EXERCISE INSTRUCTIONS. Pictures are to be left out; everything else in the records must be repeated exactly.

STORED DATA: Begin

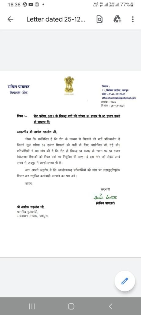 अभ्यर्थियों की मांग का समर्थन करते हए पायलट ने CM @ashokgehlot51 को लिखा खत, 50 हजार अभ्यर्थियों को नियुक्ति का दिया सुझाव
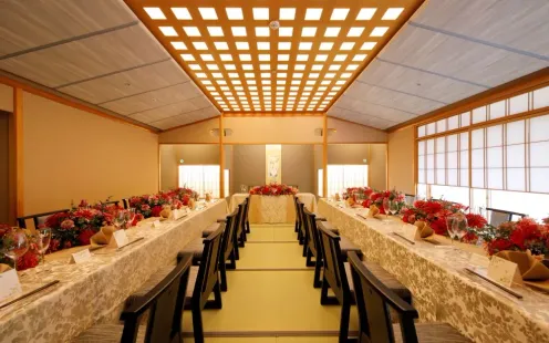 四季折々に表情を変える日本庭園が、ふたりの門出にやさしく彩りを添えます。落ち着いた和の空間で、家族や親しい人と心を通わせるひとときを叶えて。
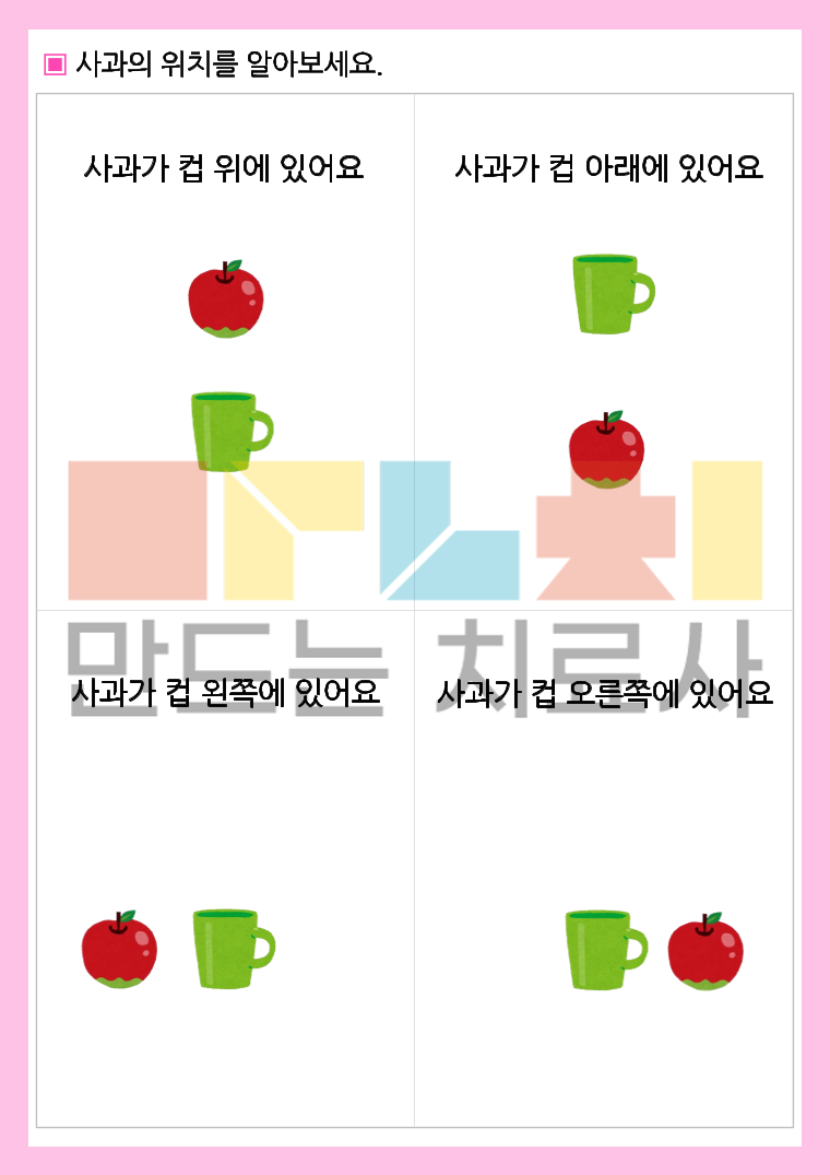 들려주는 지시대로 그림 그리기 방향 및 위치, 모양이 포함된 지시 수행 활동지 입니다. [목차] 총 19p -모양 알기 2p -위치, 방향 알기 3p -지시 듣고 그림 그리기 12p
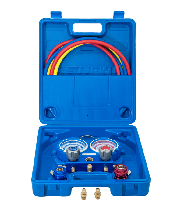 Wąż serwisowy : czerwony, niebieski, żółty 1/4"-1/4" kątowe Długość węży 150 cm
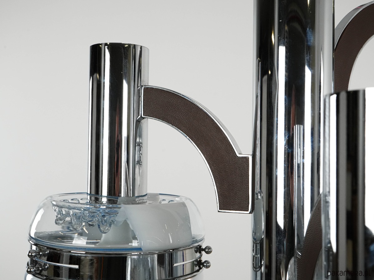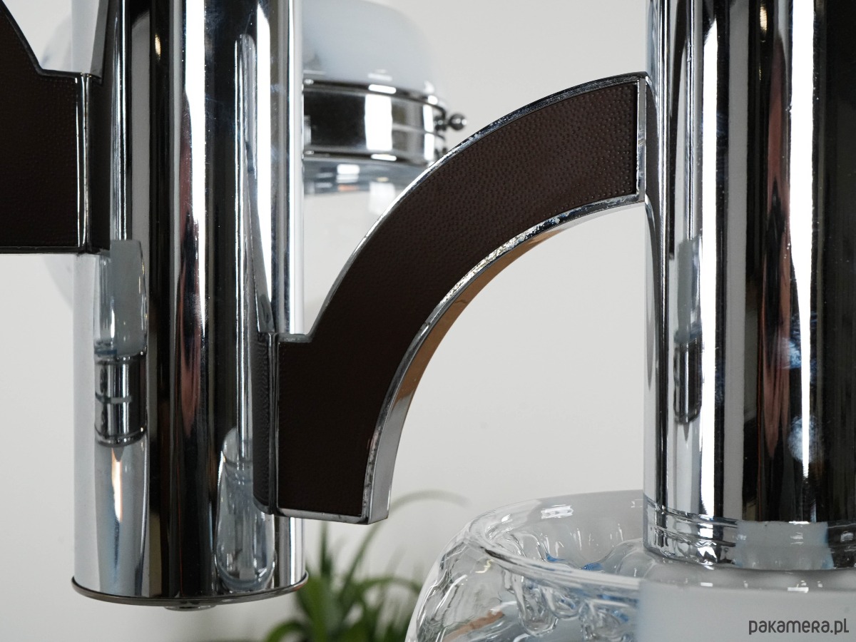 Wykonana z metalu i szkła. Unikatowa konstrukcja jest nie tylko elementem designu, jej głównym założeniem jest rozproszenie światła w celu stworzenia przyjemnego nastroju wnętrza.
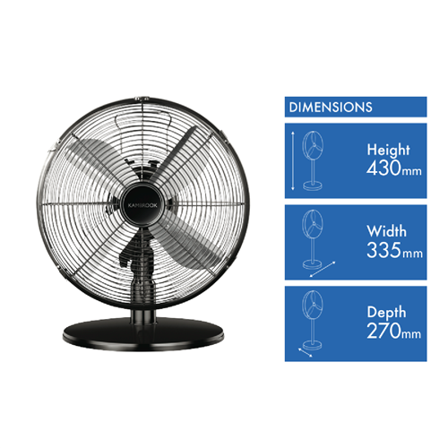 Cool down and refresh your personal space with the Kambrook Arctic Antique Metal Desk Fan. This desktop fan comes with a tilt adjustable 30cm antique metal blade and base that will add a touch of vintage flair to any desk or tabletop. With 3 speed settings you can adjust the airflow to your liking. Measuring 210mm wide 245mm high and 350mm deep its compact size makes it easy to position in any room. The tilt adjustable head allows you to direct the breeze exactly where you need it. Designed for reliability this fan comes with a 1 year manufacturer's warranty. The Kambrook Arctic fan is the perfect choice for cooling yourself down and adding some antique styling to your home office or workspace. Its antique metal finish and tilt adjustable head provide both form and function. This fan's size and features make it ideal for desktop use. Check out the Kambrook Arctic Desk Fan if you are looking for a compact vintage-inspired fan to keep you comfortable while you work. The manufacturer's part number for this product is KFA241. Explore the features and vintage styling of the Kambrook Arctic Desk Fan today.

STORED DATA: End

RESPONSE AREA.
 अभ्यर्थियों की मांग का समर्थन करते हए पायलट ने CM @ashokgehlot51 को लिखा खत, 50 हजार अभ्यर्थियों को नियुक्ति का दिया सुझाव
 四季折々に表情を変える日本庭園が、ふたりの門出にやさしく彩りを添えます。落ち着いた和の空間で、家族や親しい人と心を通わせるひとときを叶えて。
 들려주는 지시대로 그림 그리기 방향 및 위치, 모양이 포함된 지시 수행 활동지 입니다. [목차] 총 19p -모양 알기 2p -위치, 방향 알기 3p -지시 듣고 그림 그리기 12p
 Wąż serwisowy : czerwony, niebieski, żółty 1/4"-1/4" kątowe Długość węży 150 cm
 Wykonana z metalu i szkła. Unikatowa konstrukcja jest nie tylko elementem designu, jej głównym założeniem jest rozproszenie światła w celu stworzenia przyjemnego nastroju wnętrza.
 Cool down and refresh your personal space with the Kambrook Arctic Antique Metal Desk Fan. This desktop fan comes with a tilt adjustable 30cm antique metal blade and base that will add a touch of vintage flair to any desk or tabletop. With 3 speed settings you can adjust the airflow to your liking. Measuring 210mm wide 245mm high and 350mm deep its compact size makes it easy to position in any room. The tilt adjustable head allows you to direct the breeze exactly where you need it. Designed for reliability this fan comes with a 1 year manufacturer's warranty. The Kambrook Arctic fan is the perfect choice for cooling yourself down and adding some antique styling to your home office or workspace. Its antique metal finish and tilt adjustable head provide both form and function. This fan's size and features make it ideal for desktop use. Check out the Kambrook Arctic Desk Fan if you are looking for a compact vintage-inspired fan to keep you comfortable while you work. The manufacturer's part number for this product is KFA241. Explore the features and vintage styling of the Kambrook Arctic Desk Fan today.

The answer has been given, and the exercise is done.